Advertisement
Advertisement
Brussels' prosecution spokespersons Anja Bijnens (left) and Jean-Marc Meilleur attend a news conference of the Brussels' parquet, on Wednesday. Photo: EPA

Mass arrests over US$50m Belgium diamond heist

AFP

Police in Belgium, France and Switzerland have arrested 33 people and recovered “a large quantity” of diamonds and cash in a joint probe into a spectacular US$50-million diamond heist at Brussels airport.

The Belgian prosecutor’s office on Wednesday said a suspected member of the eight-man gang that staged the brazen robbery three months ago had been picked up in France on Tuesday, as Swiss police made eight arrests and seized some of the missing diamonds.

“The probe led to a big police operation yesterday,” spokesman Jean-Marc Meilleur told a news conference.

In early morning raids mainly in the Brussels area involving some 200 officers on Wednesday, police made 24 arrests and “recovered big amounts of cash” and luxury cars, Meilleur added.

The February 18 robbery at Zaventem airport at the time was described as “one of the biggest” ever by the Antwerp World Diamond Centre (AWDC), the global dealers’ syndicate based in the Belgian port city.

A heavily-armed and hooded gang pulled up in a car on a runway at around 8.00pm where a Brinks’ armoured vehicle had just unloaded Antwerp diamonds into a Swiss passenger aircraft about to take off for Zurich.

In an operation that lasted barely 10 minutes and without a shot fired, the men forced open the hold of the plane and removed some 120 boxes of diamonds.

The gang, posing as police officers, had cut through the airport’s perimeter fence and made off with the haul of 50 million dollars (38 million euros) in gems through the same breach.

Meilleur refused to say whether police suspected the gang had worked with insiders at the airport.

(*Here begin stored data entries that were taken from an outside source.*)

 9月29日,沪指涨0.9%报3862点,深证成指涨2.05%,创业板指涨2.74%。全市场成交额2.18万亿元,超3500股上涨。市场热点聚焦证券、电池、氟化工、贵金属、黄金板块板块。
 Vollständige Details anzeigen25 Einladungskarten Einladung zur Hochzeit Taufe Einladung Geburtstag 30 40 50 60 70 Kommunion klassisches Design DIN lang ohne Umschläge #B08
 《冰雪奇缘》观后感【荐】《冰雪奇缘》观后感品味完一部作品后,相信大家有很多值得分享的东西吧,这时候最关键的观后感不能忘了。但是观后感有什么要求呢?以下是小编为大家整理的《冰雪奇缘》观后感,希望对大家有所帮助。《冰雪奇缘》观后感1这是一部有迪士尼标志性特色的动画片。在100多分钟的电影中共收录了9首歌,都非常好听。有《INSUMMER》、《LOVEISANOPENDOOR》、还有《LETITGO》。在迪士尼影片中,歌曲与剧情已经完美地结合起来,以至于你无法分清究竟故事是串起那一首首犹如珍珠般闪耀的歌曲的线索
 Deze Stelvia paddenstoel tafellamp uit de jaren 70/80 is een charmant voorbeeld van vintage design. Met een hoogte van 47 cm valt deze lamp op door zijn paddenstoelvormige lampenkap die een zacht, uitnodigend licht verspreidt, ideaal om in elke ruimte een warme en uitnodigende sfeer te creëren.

The suspect detained in France had a lengthy criminal record and Belgium had asked for his extradition, he said.

In Geneva, a statement from the Swiss prosecutor’s office said police there had seized “a large quantity of diamonds from the spectacular armed robbery in Brussels.”

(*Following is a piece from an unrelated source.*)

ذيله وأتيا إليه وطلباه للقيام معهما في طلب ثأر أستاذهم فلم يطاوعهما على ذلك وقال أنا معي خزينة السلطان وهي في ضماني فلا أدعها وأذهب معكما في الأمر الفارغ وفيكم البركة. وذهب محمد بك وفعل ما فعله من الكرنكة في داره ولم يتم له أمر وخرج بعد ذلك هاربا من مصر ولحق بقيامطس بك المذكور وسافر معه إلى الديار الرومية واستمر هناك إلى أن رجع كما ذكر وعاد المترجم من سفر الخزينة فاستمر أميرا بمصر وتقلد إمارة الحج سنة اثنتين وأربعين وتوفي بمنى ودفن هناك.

The statement went on to say “a big haul was seized, of 100,000 Swiss francs (HK$815,049) in cash and a large quantity of diamonds, the value of which is currently being estimated.”

A businessman and a Geneva lawyer among the eight people being held were facing charges of dealing in stolen goods and obstructing the course of justice, the Swiss statement said.

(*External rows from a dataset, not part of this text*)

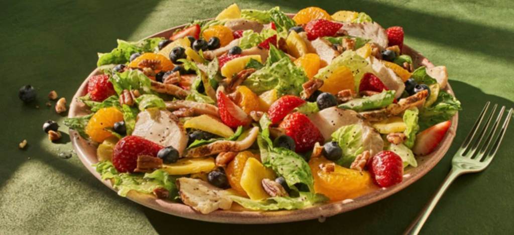 The Strawberry Poppyseed Salad features romaine lettuce, chicken raised without antibiotics, mandarin oranges, fresh strawberries, pineapple and blueberries, tossed with Panera’s poppyseed dressing and topped with roasted pecan pieces.
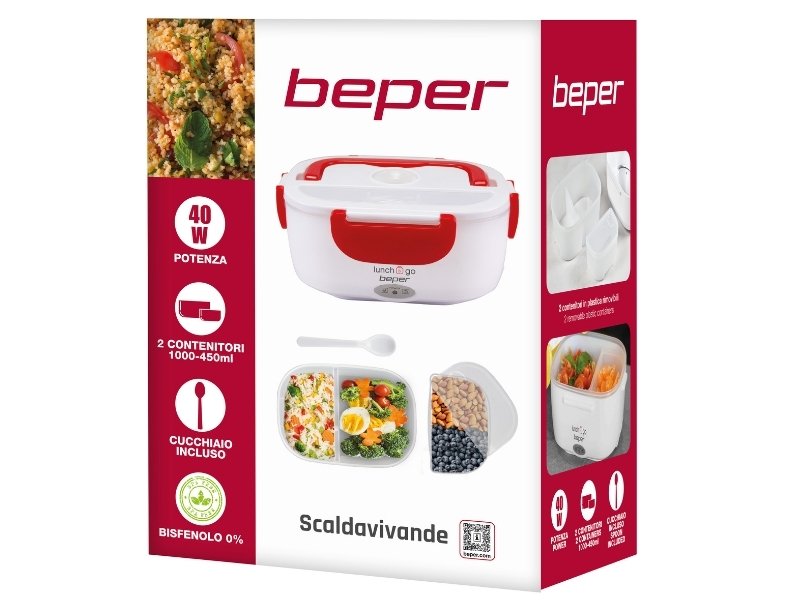 Pratico scaldavivande elettrico in abs BPA FREE con contenitore interno da 1L in plastica e piastra riscaldante in acciaio. Contenitore removibile per una facile pulizia. Con luce di funzionamento. Coperchio dotato di ganci di chiusura, maniglia per un facile trasporto e valvola di sfiato. Un contenitore con coperchio dalla capacità di 450ml e posate in plastica in dotazione. Cavo rimovibile.
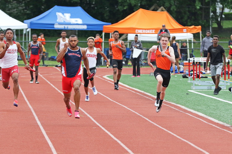 In the 200m Dash, Senior Terrance Graves battled with injuries during much of the winter and early spring season, and it was nice to see him come within a half-second of his PR as he ran 23.92 for 28th! In addition, Freshman EJ Bard returned to clock 24.25 and finish 32nd! Finally, on the Track, in the 4 X 400m Relay, Matt Powell, Tyler Jackson, CJ Lee and Kevin Milligan-Tinker knew they were seeded just outside the top six and knew what they needed to do to advance . . . and advance they did! They moved the baton in a season-best time of 3:26.49 and took 5th place! This was the fastest time clocked by a Cherokee squad since Brandon Rapp, John Barr, Drew Viscidy and Colin Merrigan ran 3:20.99 (for 3rd place at the Olympic Conference Championship) in 2012!
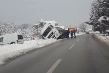 Prevrnuo se kamion kod Kiseljaka uslijed proklizavanja na putu

“The arrests were made thanks to the excellent collaboration between the Brussels and Geneva authorities,” it added.

The Belgian authorities said a dozen of the suspects detained in Belgium, aged between 30 and 50, were “well known” to police, some for armed robbery. Some were suspected of receiving stolen goods.

“From the very beginning there’s been an intense cooperation between the Swiss, French and Belgian authorities,” said Meilleur.

The robbery recalled one in February 2005, when some 75 million euros worth of diamonds and jewels being shipped to Antwerp were stolen in a KLM vehicle at Amsterdam’s Schiphol airport.

But the record for a theft of diamonds was in Belgium, in February 2003, when 100 million euros worth of stones were nabbed from the vault of the Antwerp Diamond Centre.

There are more than 4,500 diamond dealers in Antwerp, the hub for a worldwide industry going back at least 500 years, and more than twice as many jobs dependent on the trade, the AWDC said.

Eight in 10 of all rough and half of all polished diamonds are traded in Antwerp.